In SS1, SIMPER within analysis identified 16 taxa with a cumulative rate of 70%, Melosira varians being the most dominant diatom species with a contribution rate of 13% (Figure 4).

Figure 4. Contribution % and cumulative % ratios of diatom species according to SIMPER within analysis based on study sites. The acronyms of species are given in Table 4.

In SS6, Ulnaria ulna with a contribution of about 15%, and Melosira varians with a contribution of about 14% were determined as the most dominant taxa. In SS3 and SS4, the open water zones of Poyraz and Dalyan lagoons that were used only for tychoplankton sampling, Hyalodiscus scoticus made the largest contribution to average similarity, with contribution rates of 64% and 55%, respectively. At both study sites, 6 dominant taxa exceeded 90% of the percent cumulative rate (Figure 4). The coastal zone sampling sites SS2, SS5, and SS7 are located next to the dunes that separate the Dalyan, Poyraz, and Arapçiftliği lagoons from the Marmara Sea.
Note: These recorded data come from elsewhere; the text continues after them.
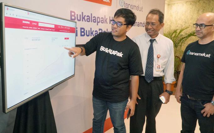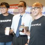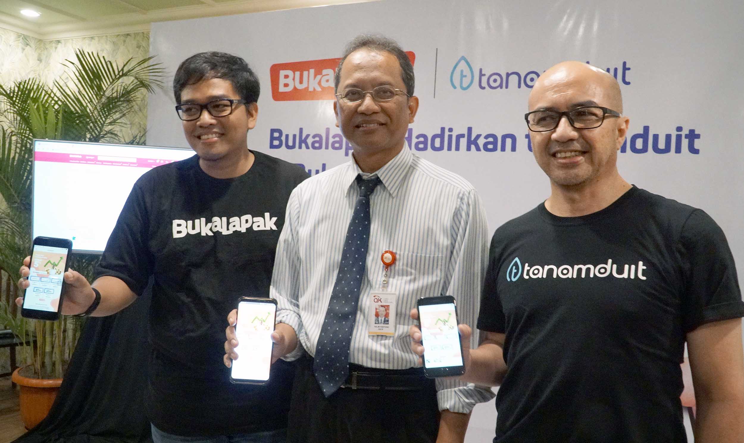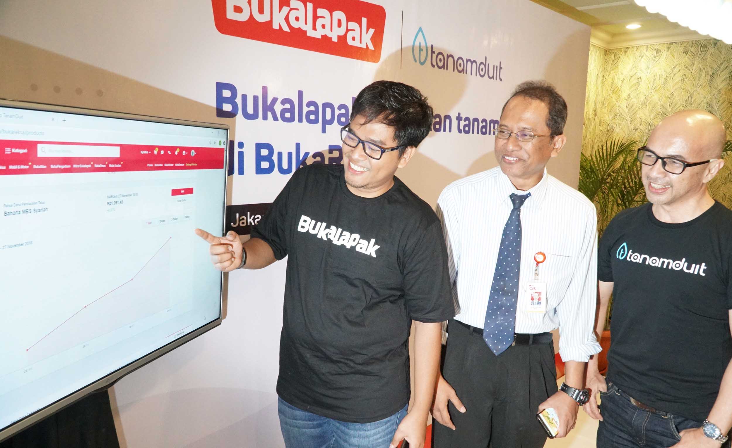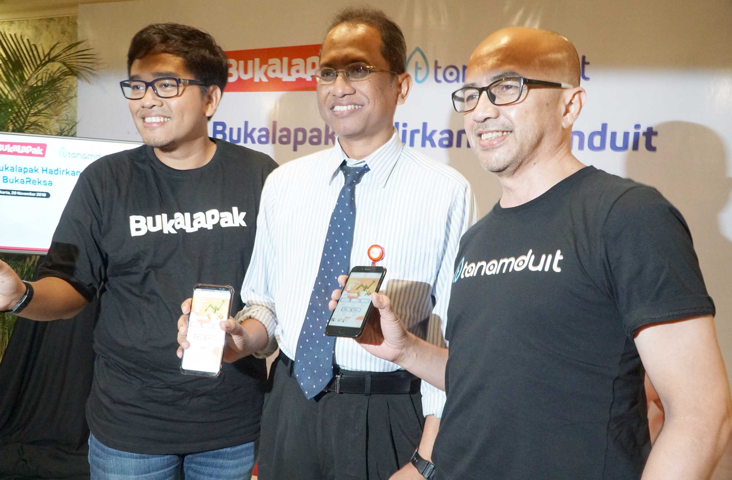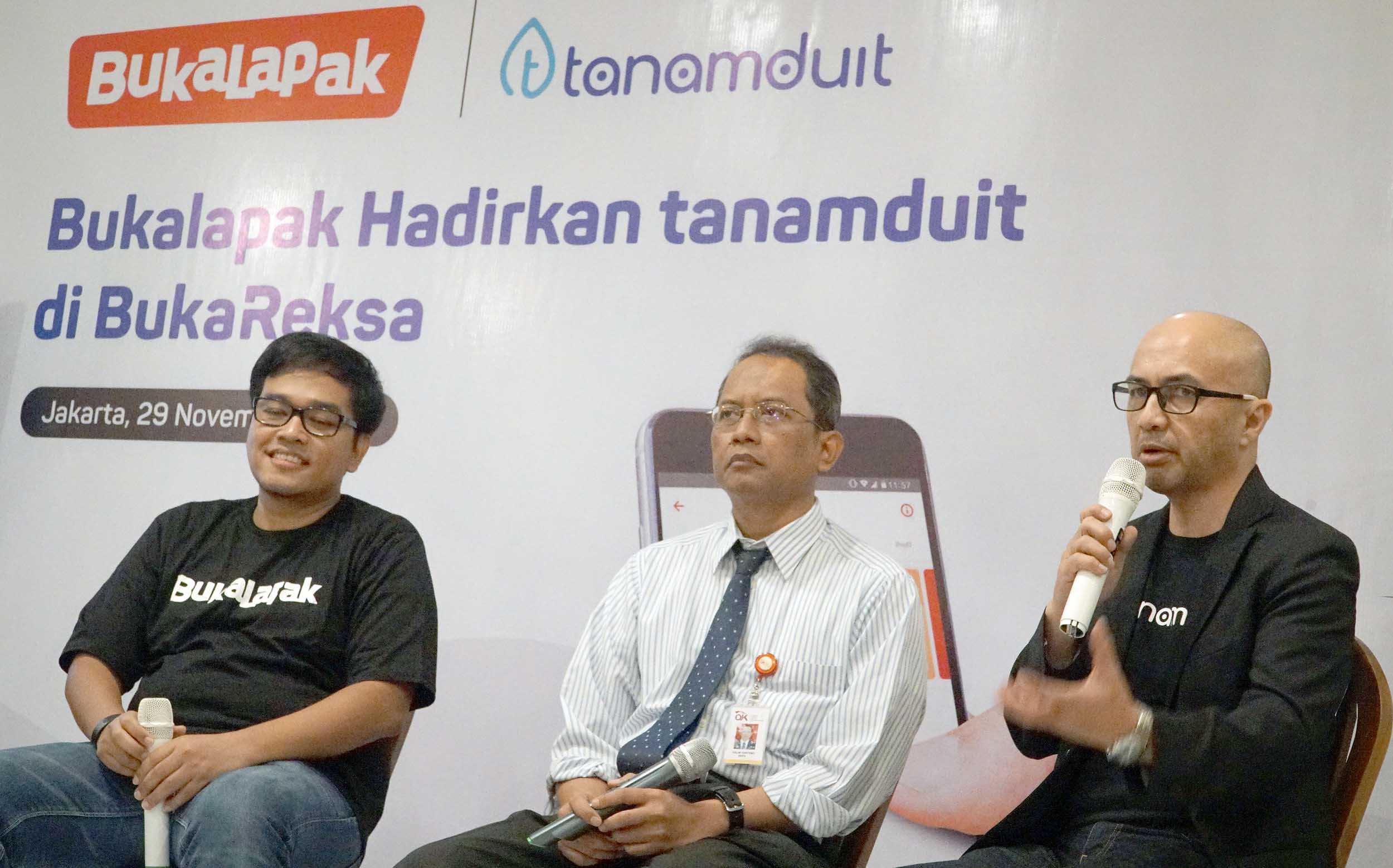 (dari kiri ke kanan) Head of Payment & Financial Services Bukalapak Destya Danang Pradityo, Deputi Direktur Pengelolaan Investasi OJK Halim Haryono dan Direktur Pengembangan Bisnis Tanamduit Muhammad Hanif saat hadir dalam jumpa pers di Jakarta, Kamis (29/11). Bukalapak sebagai salah satu perusahaan teknologi terbesar di Indonesia berkomitmen untuk memanfaatkan teknologi guna membantu meningkatkan pertumbuhan ekonomi Indonesia. Bukalapak melalui BukaReksa memperluas pilihan investasi dengan mengandeng Tanamduit sebagai agen penjual efek reksa dana (APERD) yang memiliki lisensi dari OJK. 5 produk investasi baru yang hadir di BukaReksa adalah Bahana MES Syariah, Batavia Dana Dinamis, Sucorinvest Sharia Equity Fund, Sucorinvest Maxi Fund serta Batavia Dana Saham. AKTUAL/Eko S Hilman
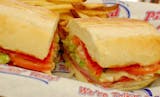 Ham, capicola, pepperoni, salami, banana peppers, onions, mozzarella, lettuce, tomato, red wine vinaigrette.
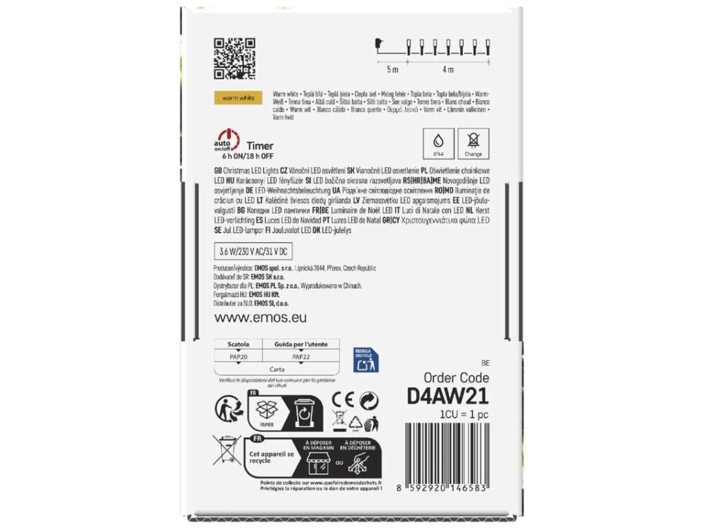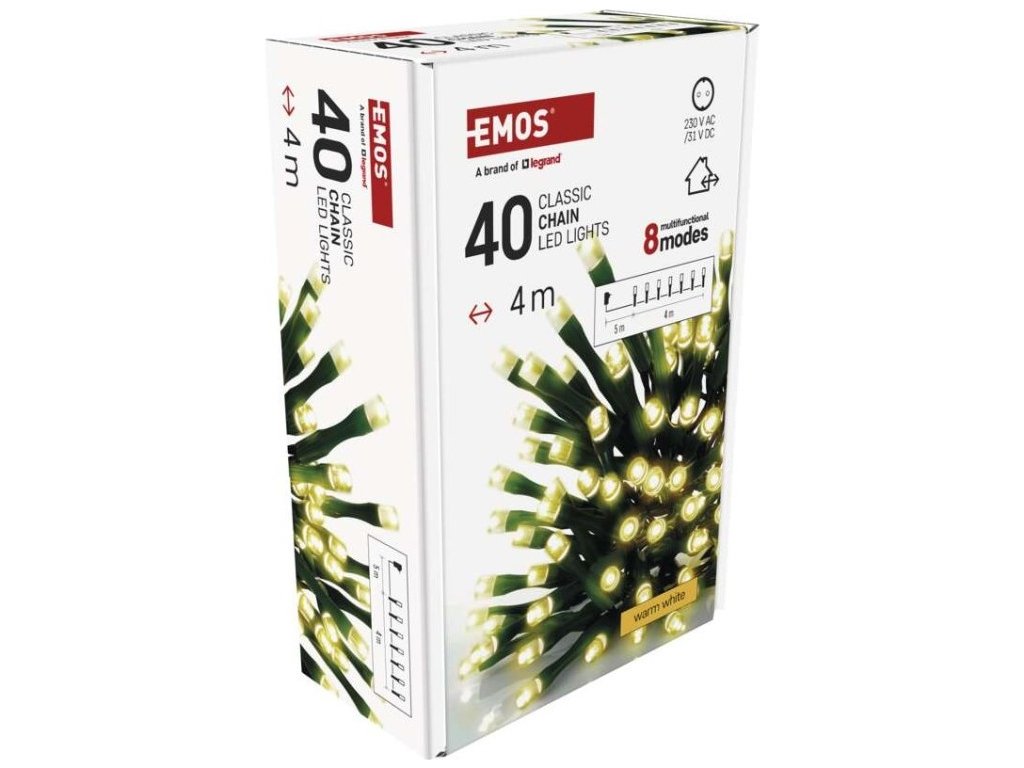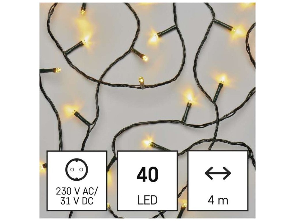 LED vánoční řetěz, 4 m, venkovní i vnitřní, teplá bílá, programy, časovač

SS2 and SS7 are more affected by seawater interference, as they are located near the canals connecting lagoons to the sea. Navicula cincta, with a contribution rate of 23% in SS2; Halamphora coffeiformis, with a contribution rate of 14.5% in SS5 and Cocconeis placentula, with a contribution rate of approximately 18% in SS7; were the species that made the greatest contribution to average similarity.

Although the ANOSIM analysis applied to determine the difference between the microhabitats showed a significant difference (Global R: 0.083, p: 0.001, 1000 randomizations), the R statistic was low. In the pairwise test result, each group was found to be statistically different from the other (p < 0.05). According to the SIMPER analysis, Melosira varians, Hippodonta hungarica, Rhoicosphenia abbreviata, and Navicula cincta were the species that contributed the most to the similarity in epipelon, with a total cumulative rate of 30%. Among the epipelic taxa, 18 taxa contributed 80% to the similarity (Figure 5).

In epiphyton, Melosira varians (11%), Cocconeis placentula (10%), Ulnaria ulna (7.5%), Cocconeis pediculus (6%), and Stephanocyclus meneghinianus (5%) were the most important species. These five species provided 40% of the cumulative rate. The 16 taxa identified (Figure 5) reached a cumulative rate of about 70%. In tychoplankton, the most dominant species with a contribution rate of 11% was Hyalodiscus scoticus. Campylodiscus echeneis followed this with 10% and Surirella striatula with 8%. In epilithon, Ulnaria ulna was identified as the most remarkable diatom species, with a contribution rate of 28%. It was followed by Rhoicosphenia abbreviata, Gomphonella olivacea, and Stephanocyclus meneghinianus, each with a contribution rate of 10%.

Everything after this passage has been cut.